= The Passenger (short story) =

"The Passenger" is a short story by Russian American author Vladimir Nabokov originally published in Russian in 1927.

==Summary==
A writer and critic have a conversation on a train.
The story uses third-person narration and opens with a writer explaining his view that Life creates much better situations than a writer ever could, and that it's a writer's job to plagiarize from actual experience, all the while cleaning up the frayed edges of "Life's untidy genius", like a producer does to a novel when making a film. The writer then recounts a true story about a passenger he heard sobbing aboard a train. After the police announced that a murderer who killed his wife and her lover was suspected to be on board the train, they checked passports and found that the weeping passenger was not the murderer.

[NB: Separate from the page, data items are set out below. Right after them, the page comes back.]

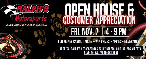 Join us Friday, November 7th, from 4 to 9 PM for Ralph’s Motorsports Fun Money Casino Night & Fall Open House! This event is our way of saying thank you to our customers and community (All ages welcome, everyone's welcome)—come enjoy a fun-filled evening with fun money casino games, food, prizes, and more.
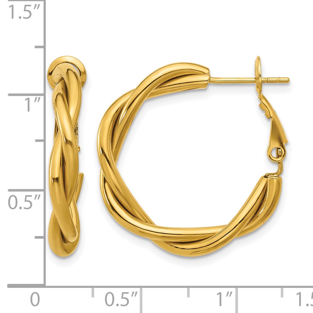 Chisel Stainless Steel Polished Yellow IP-plated Twisted Omega Back Hoop Earrings
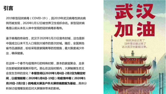 【流媒体网】摘要:本报告将以2020年1月6日—2月2日为限定时间,以疫情期间(2020年1月6日—19日)和疫情中期(2020年1月20日—2月2日)的电视大屏及户外大屏终端数据为基础,具体分析探讨疫情爆发前后对大屏媒体带来的影响。

The writer and critic then discuss whether this is a good twist. The writer asks the critic to be honest and to confess that he expected the crying passenger to turn out to be the murderer. The critic tells the writer that it is the artist's job to make a story out of this apparently random experience, by providing an explanation for the weeping. The critic, after warning the writer not to overuse his method of trying to "produce an impression of expectancy by means of the most natural denouement" reminds him that "The Word is given the sublime right to enhance chance and to make of the transcendental something that is not accidental". After this, he suggests his own explanation, showcasing his complete artistic and imaginative inability: the loss of the passenger's wallet. In the end, a waitress comes to pour them more drinks (suggesting that this was just a drunken conversation between passengers).